In de vastgelopen Randstad hebben bus, tram en metro onvoldoende automobilisten uit de files kunnen lokken. Het aandeel van het openbaar vervoer in de totale mobiliteit is afgenomen. Een groter aanbod door efficiënter werken en nieuwe en verbeterde verbindingen, zoals Randstadrail, hebben de concurrentiepositie van het openbaar vervoer ten opzichte van de auto niet verbeterd. De RET is in aantallen reizigerskilometers terug op het niveau van 2000. Uit recent onderzoek blijkt dat dit voor alledrie de grote steden geldt. De groei van met name de laatste twee jaar is vooral een correctie van de forse daling in de jaren ervoor.

 

Baljeu: ‘De laatste jaren laten de grote steden weer stevige groei zien. Randstadrail is een groot succes in Den Haag en wij vervoeren in Rotterdam met Randstadrail al meer reizigers dan de NS. En dan moet dat prachtige nieuwe materieel nog komen. Maar we zijn er nog lang niet. Het openbaar vervoer kan een rol spelen bij de oplossing van het mobiliteitsprobleem, maar dan moeten kwaliteit en frequentie omhoog en een aantal ontbrekende verbindingen worden toegevoegd.’

 

De steden proberen geld te vinden voor beter openbaar vervoer.

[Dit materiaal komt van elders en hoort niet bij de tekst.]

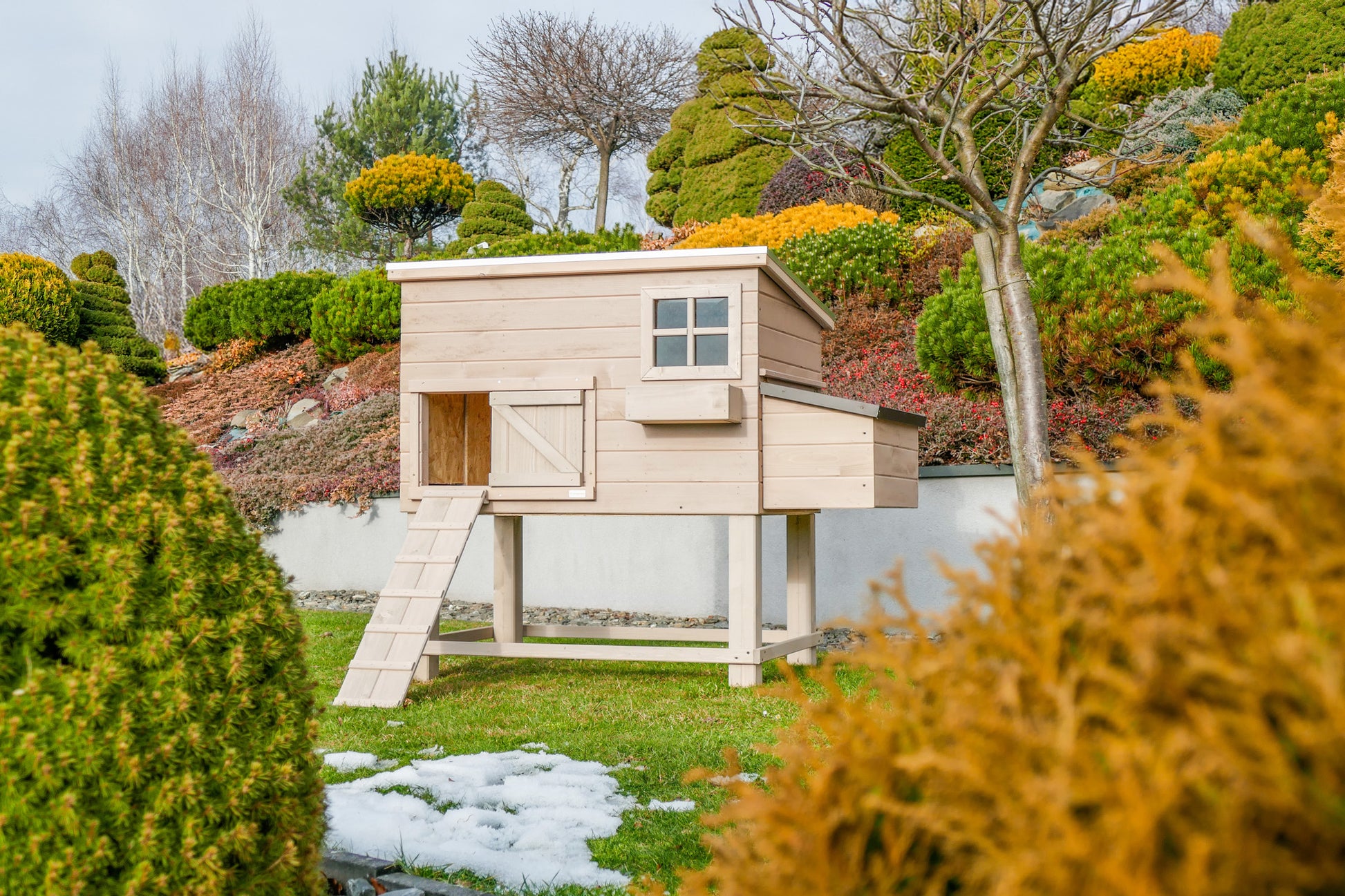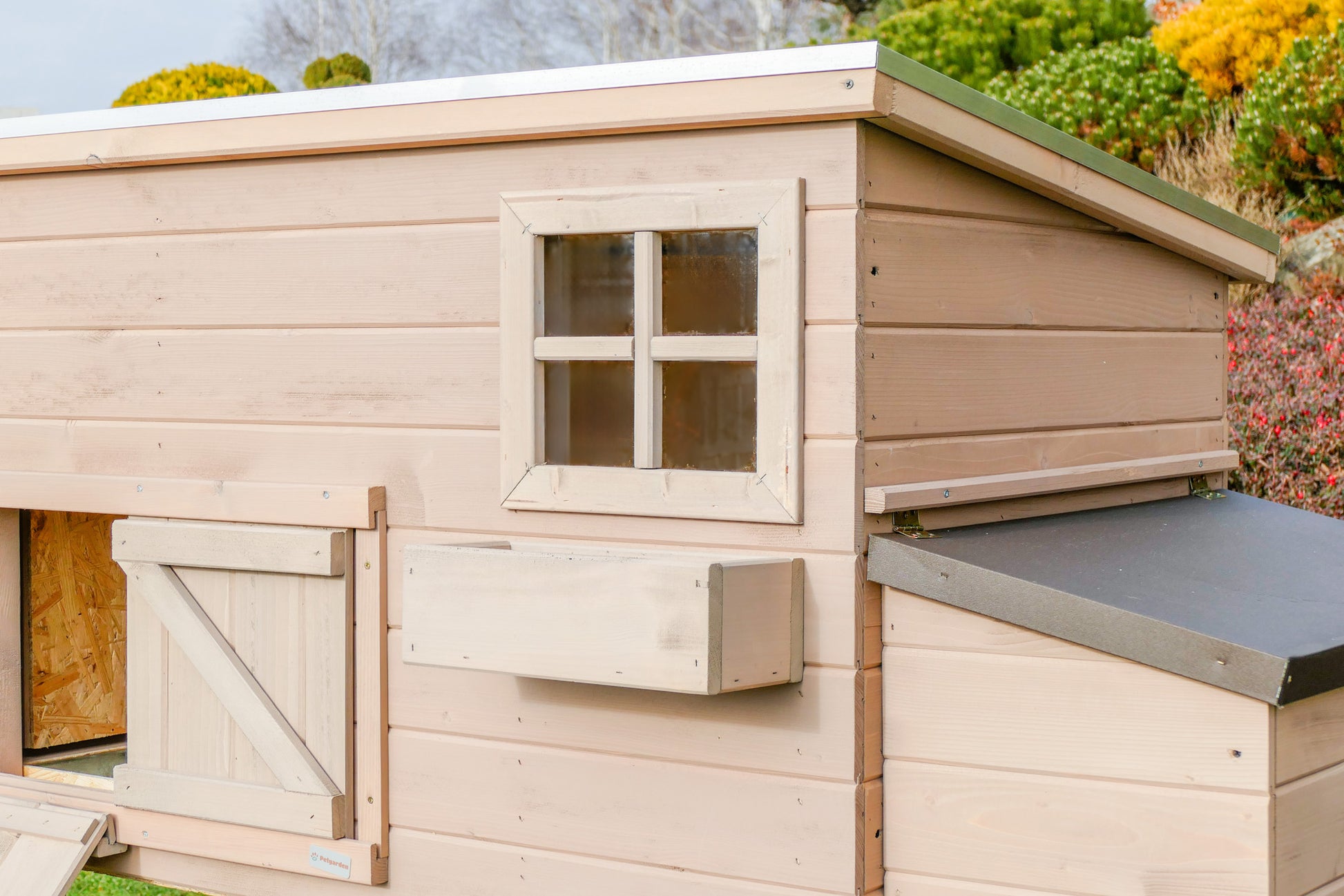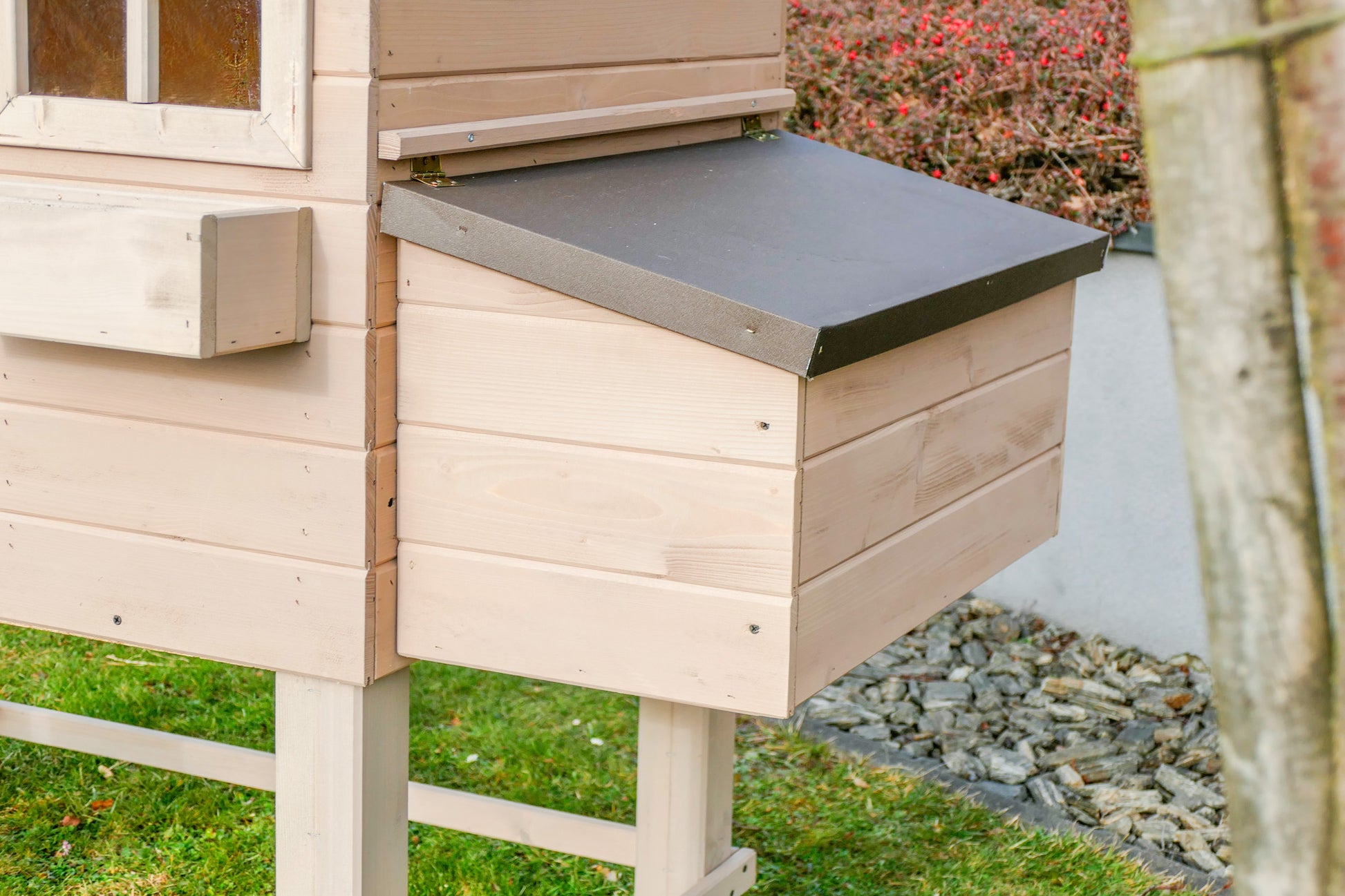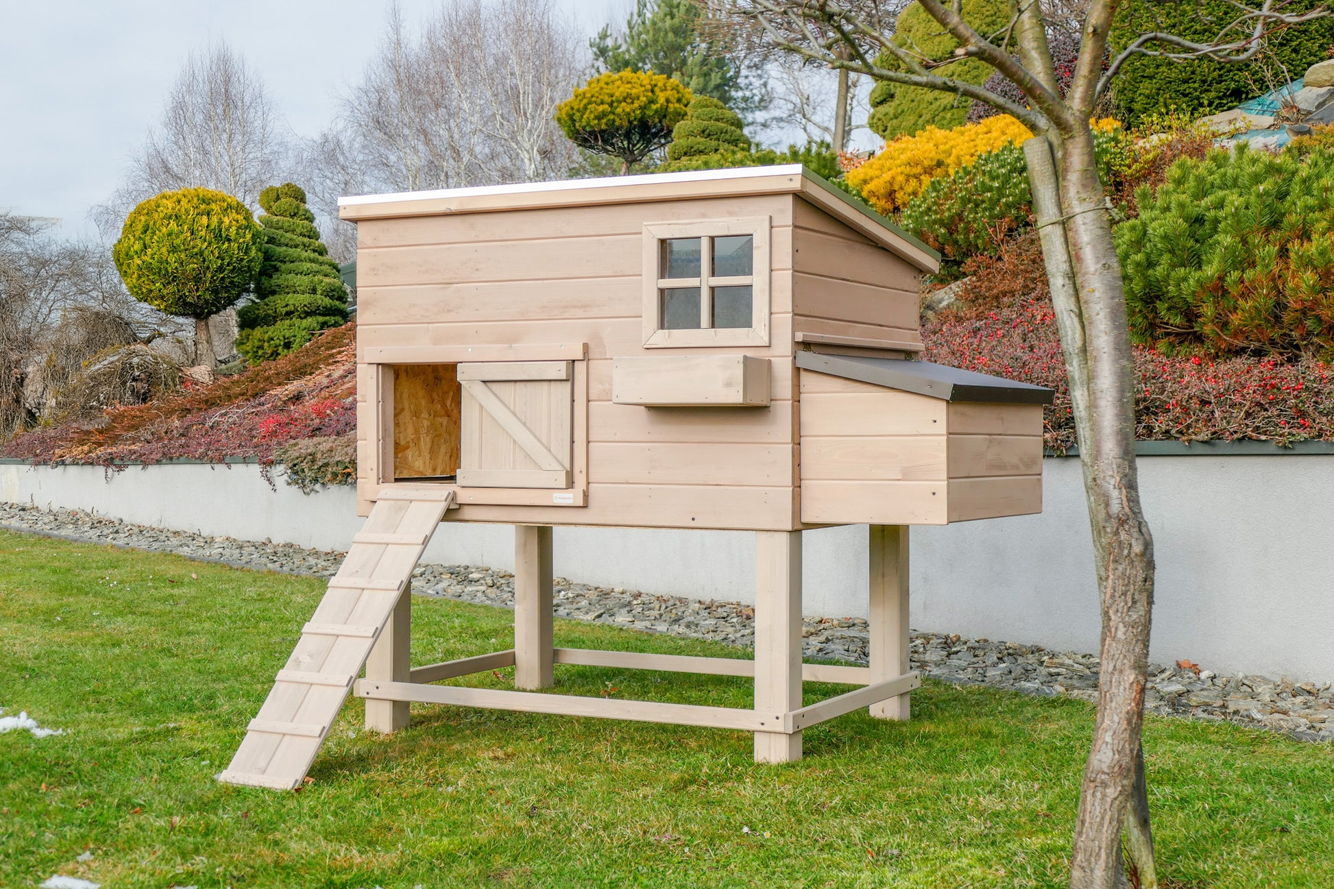 Kurnik ROCKY HIGH z metalową szufladą - to drewniany domek dla kur , który zapewni im pełną swobodę i komfort .

Voor de aanleg van nieuwe infrastructuur zijn vaak wel potjes, maar het probleem is dat de exploitatie van het openbaar vervoer zelden kostendekkend is. Voor de exploitatiebijdrage zijn de gemeenten afhankelijk van het rijk. Baljeu: ‘Het rijk heeft grote ambities met het openbaar vervoer. Voor de trein worden miljarden vrijgemaakt en daar is forse groei. Maar als die mensen eenmaal uit de trein stappen, moeten ze ergens naartoe. En voor het stads- en streekvervoer is níet meer geld. Het kabinet heeft de groei van de Brede Doeluitkering, waaruit het stadsvervoer wordt betaald, teruggedraaid.

 

‘We hebben genoeg plannen, maar als er niet meer geld komt, kunnen we die maar beperkt uitvoeren. We hebben als stadsregio nu eenmaal geen eigen inkomstenbron, zoals provincies. We dringen al geruime tijd aan op meer geld, maar staatssecretaris Huizinga heeft laten weten dat dat er deze regeringperiode niet in zit. Dat betekent dat de stadsregio’s hun ambities met het openbaar vervoer niet kunnen verwezenlijken.’

 

Verzet

 

Buiten de grote drie steden hebben aanbestedingen er dikwijls voor gezorgd dat voor dezelfde jaarlijkse exploitatiebijdrage meer openbaar vervoer wordt aangeboden door de winnende vervoerder, met soms spectaculaire groei van het aantal reizigers. De drie grote steden hebben zich altijd tegen zulke aanbestedingen verzet. Zij kiezen voor vervoer door het eigen vervoerbedrijf. Rotterdam heeft als enige het vervoerbedrijf overgedragen aan de stadsregio, die de opdrachtgever is voor het openbaar vervoer. Daardoor moet de RET voldoen aan de Europese status van in house operator, wat onderhandse gunning mogelijk maakt.

 

VVD’er Baljeu heeft er geen moeite mee dat Rotterdam daardoor een eventueel aanbestedingsvoordeel misloopt. ‘Met deze oplossing kan ik als liberaal heel goed leven. Onze insteek is goede kwaliteit openbaar vervoer en die kunnen we in de grote steden het best garanderen met een eigen vervoerder, vanwege de samenhang van het netwerk. RET krijgt het vervoer niet zomaar cadeau. Ze werken marktconform, dat is keihard getoetst. En nu het bedrijf formeel onder de stadsregio valt, kan ik scherper en sneller aansturen. Dat werkt beter dan een aanbestede concessie met boetes als het contract niet wordt nageleefd. Bovendien is het beeld bij de aanbestedingen ook niet onverdeeld positief. Er gaat veel mis.’

 

Stadsregio Rotterdam heeft het vervoer rond de stad wél aanbesteed. Nieuwkomer Qbuzz, waarin NS een belangrijke aandeel heeft, won omdat er geen andere partij meedeed. Baljeu: ‘Uit het niets een vervoerbedrijf neerzetten en dan ook nog aanbestedingen winnen, voor zoveel lef heb ik bewondering.’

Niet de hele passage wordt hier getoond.